Where I work, we(someone) burns the stuff that we can't sell not cause the stuff is bad, it is done to make shore the brand does not get associated with Cheap stuff.
Brand status is important.
(I know it is somewhat insane but it is the way capitalism works)
One of the local super markets sends containers full of new TVs, washing machines, and more, to the local scrap yard. They didn't sell them within the period that they expected, and instead of discounting them (which would drive away consumers from more expensive products), they 'recycle' them.
Which is not to say it was impossible in the early '80s to not give a shit about the environment, just that by that point ignorance really wasn't a good excuse anymore.
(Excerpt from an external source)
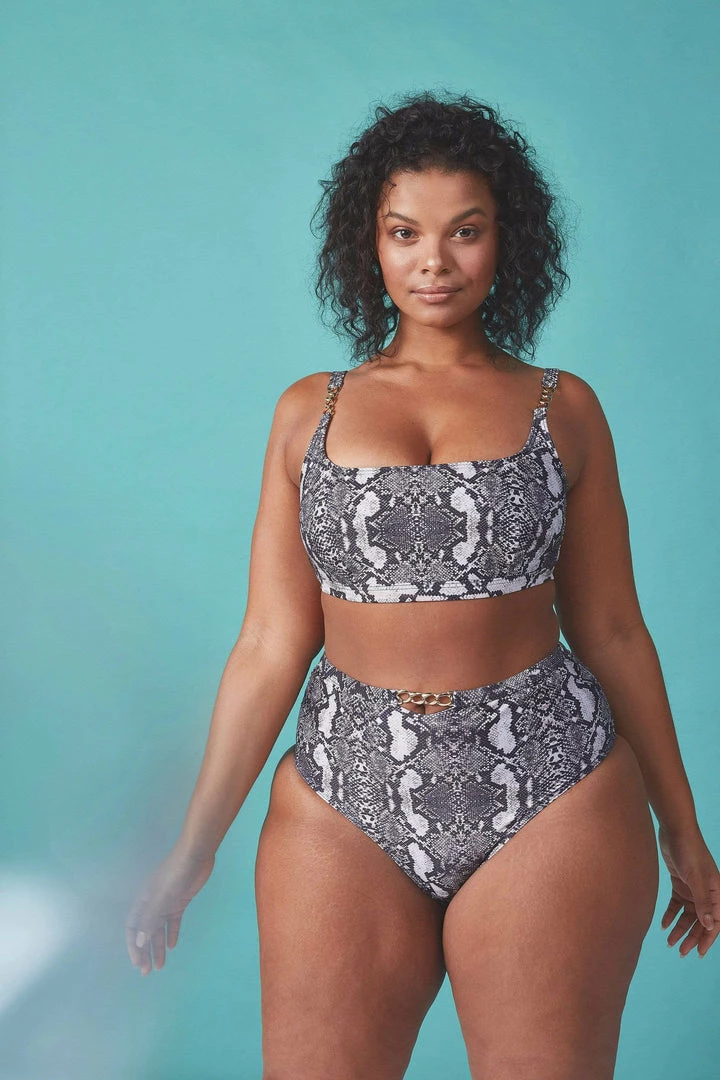 Ssss seriously cool. This fun snake print brief is a must have. Sitting high on the waist, the full coverage brief has a gold chain and cut out feature in the centre front. Pair with the curve snakeskin crop top.

Of course it doesn't change the fact that what was shipped on the cartridges 30 years ago was crap, or the fact it took 30 years for someone to decide to fix it. Atari's decision remains the same, in my opinion.
I actually liked the E.T. game. It was probably one of the games I played the most as a child (next to Pitfall).
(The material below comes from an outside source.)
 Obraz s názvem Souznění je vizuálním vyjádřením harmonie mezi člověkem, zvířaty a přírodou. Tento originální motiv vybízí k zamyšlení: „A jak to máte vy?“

Pac Man, on the other hand, was terrible on the Atari.
Atari Pac-Man was terrible, but my dad loved it. My first Atari (along with that game and many others) ended up in the closet throughout the 80s. In the early 90s, while I was playing SNES with all of my high school friends, my dad pulled the Atari out of the closet to "show us kids a real game". Apparently he had grown up on arcade Pac-Man in the 70s, and found the Atari Pac-Man to be much more difficult and therefore a worthy challenge.
I just don't understand why anyone would want to find the games. Is it just for the documentary? I'm sure there's all sorts of 'new old stock' in landfills all over the world. Stuff much more interesting than a [very] bad video game for a console very few of us still have.
I suppose it wouldn't surprise me if limited edition numbered authentic landfill ET cartridges were a sought after collectible in the near or distant future.
I remember playing the game for hours and thinking that was my fault not understanding or having fun with the game... I laughed a few years ago when I read the real story.
3 B-17's were procured, put in flying condition, and flown to England. With some clever photography and editing, the movie makes those 3 airplanes look like a fleet. After the movie, what was to be done with the planes?
The British government wanted some large import tax on them, but the movie production budget was exhausted. They couldn't even afford to buy the gas to fly them back to the US. The movie company tried to GIVE the airplanes to a British museum, but the government still wanted their import tax, and the museums couldn't pay the tax, either.
The solution was to pour gasoline on them and burn them to the ground.